The biggest safeguard is the phase 3 trials themselves, Offit says. Each trial has a data and safety monitoring board that checks for adverse events possibly related to the medical treatment under investigation.

If the boards identified one, they stop the trial, which is what happened briefly with AstraZeneca’s replication defective COVID-19 vaccine. 

Phase 3 trials usually include tens of thousands of people, making them large enough to pick up some rare side effects of a new drug, but not necessarily all of them. More rare side effects often don’t appear until millions of people have taken a new drug. That’s why drug makers are required to continue monitoring a new treatment even after the FDA approves it, Offit explains.

The other major safeguard is the FDA’s vaccines advisory committee, which reviews each trial’s data to make sure that it’s safe and effective.

“Then and only then would we recommend it for use by the public,” Offit says.

Yet in the midst of an election year, concerns have been raised that politics may sway decisions about vaccine approvals.

“It’s an understandable concern,” Offit notes. “One can’t help but feel that the FDA was pressured to approve hydroxychloroquine and convalescent plasma.”

But he added that both the FDA vaccines advisory committee and each trials’ data and safety monitoring board are set up to be divorced from politics.

“Members of those groups are not government associated nor are they pharmaceutical company associated,” he explains. “That’s an independent review.
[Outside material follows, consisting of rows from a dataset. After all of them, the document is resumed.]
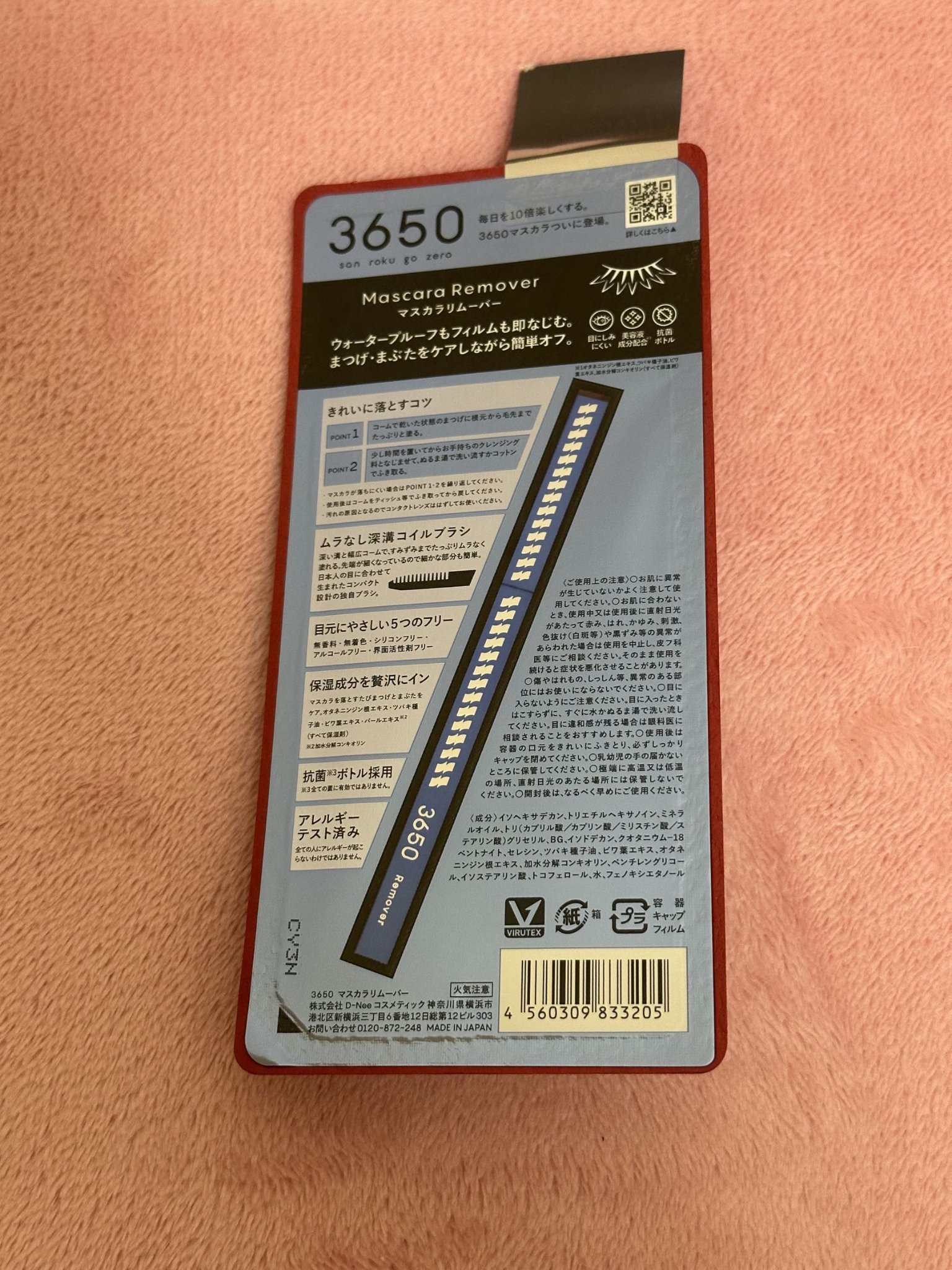 【3650マスカラリムーバー】マスカラと見た目が似ているので、最初はちょっと戸惑いましたが、取り出すと幅広コームに深い溝。先端が細くて、根元や下まつげにも塗りやすい形になっています。乾いたまつげに、マスカラを塗るように根元から毛先まで。少しな...
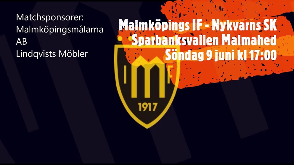 Imorgon söndag den 9 juni gästar Nykvarns SK Malmköping. Matchstart kl 17:00 Nykvarns SK är nykomlingar i serien och har hittills spelat in 2 poäng. I senaste matchen föll man hemma mot Katrineholms SK med 0 - 6. MIF studsade tillbaka efter förlusten mot Viljan, och besegrade Södertälje FF borta med 8 - 3. Inga matcher är lätta men en seger är väldigt viktig, så att man hakar på Viljan i serietoppen. Det blir en ändring i truppen jämfört med senast. Ahmed Mahamud ersätter Anton Scheikl. Truppen i sin helhet: Adam Wallström mv Lennart Johansson Lester Sarino Tobias Lindström Joel Wikelind Oskar Falk Sebastian Rombing Erik Gustafsson Johan Wallström Niklas Pettersson Filip Nilsson Ahmed Mahamud Sebastian Ravnborg Martin Törnhjelm Filip Broström Christoffer Axner Matchsponsorer: Malmköpings Målarna AB och Lindqvists Möbler
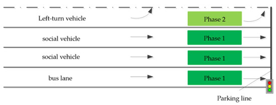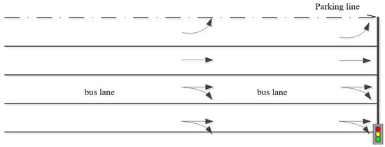 The roadside bus lane means that the bus lane is set on the outermost side of the road, as shown in Figure 2. This type of bus lane not only provides priority for buses turning right but also makes it convenient for buses to stop at bus stops and to turn right; however, straight-on bus vehicles will conflict with right-turning social vehicles when passing through intersections, and left-turning public vehicles and executive social vehicles will produce conflict points, so it is necessary to optimize phase setting and signal timing to reduce the occurrence of conflict points.
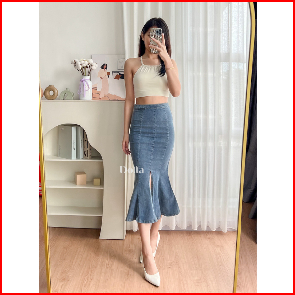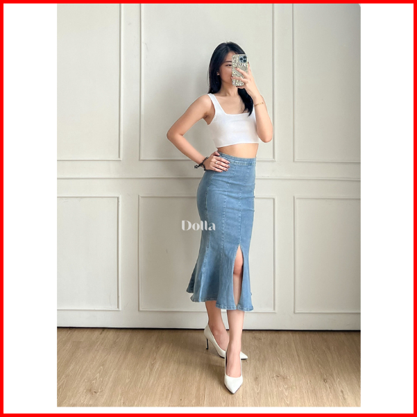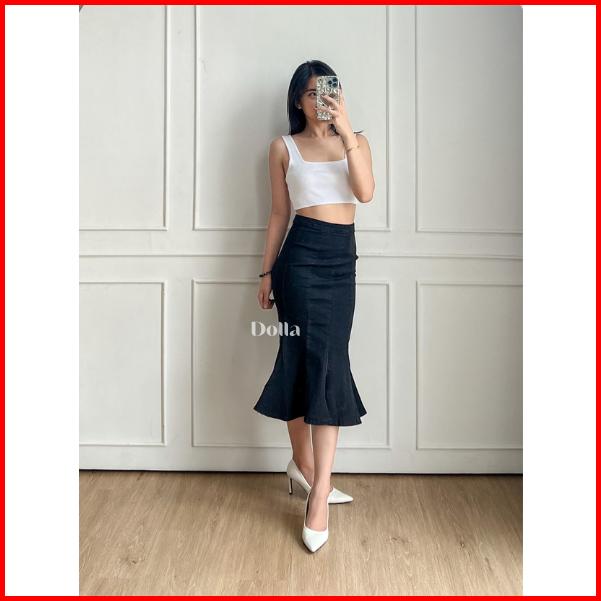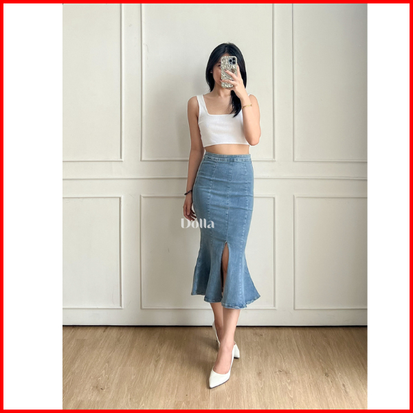 Dolla - Maki Jeans Mermaid Midi Skirt Stretchy J008
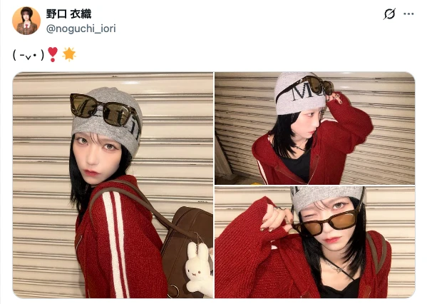 野口衣織がグレーのビーニーを合わせたY2Kスタイルの写真をSNSで公開。普段の衣装とは異なるカジュアルな雰囲気に、「可愛すぎる」といったコメントが相次ぎ、ファンの心を射抜いた。
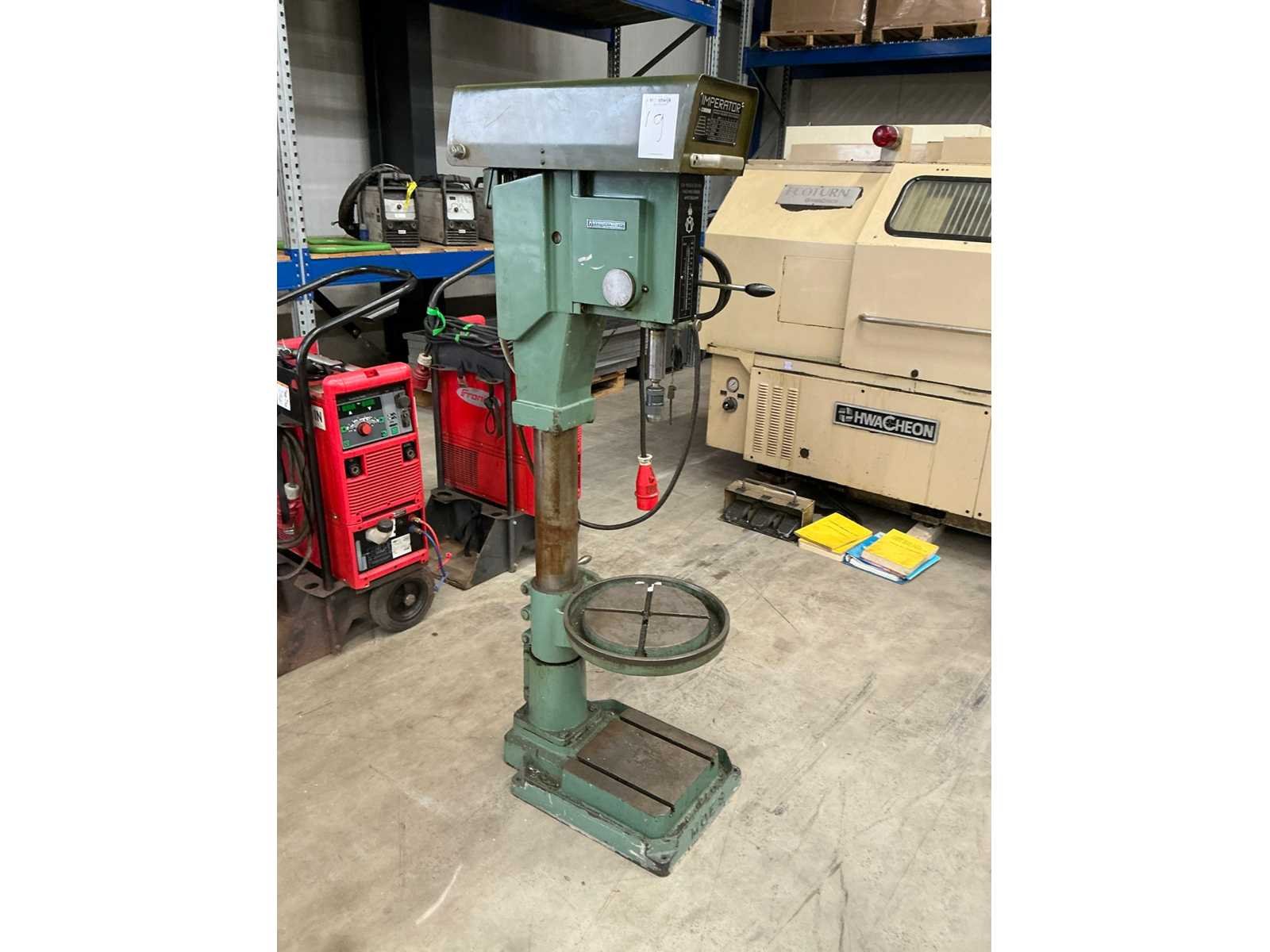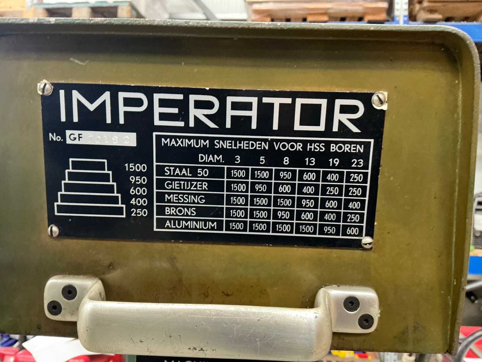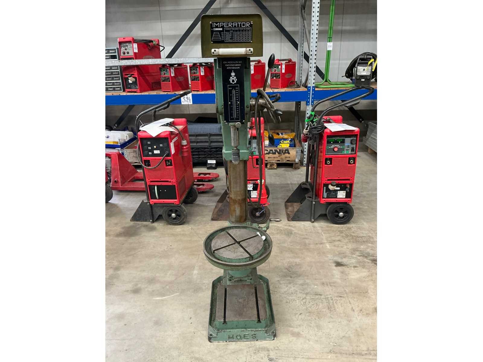 No Merk: Moes Type: Imperator Serienummer: GF70102 Aantal snelheden: 5 Spindelsnelheid van n =: 250rpm Spindelsnelheid tot n =: 1500rpm Boordiepte: 120mm Uitlading: 230mm Tafel afmeting l: 310mm Tafel afmeting b: 310mm Aansluiting: 400V Afmeting l: 800mm Afmeting b: 500mm Afmeting h: 1850mm

I think one can trust that independent review.”

Ultimately, Offit says that it’s too early to say anything about the efficacy and safety of these vaccine candidates. To really know the answers, we’ll need to wait for results from the phase 3 trials.

“We should know about those in the next couple of months,” he says. “To make sure that these vaccines are being held to a high standard of safety and efficacy, wait for the data.”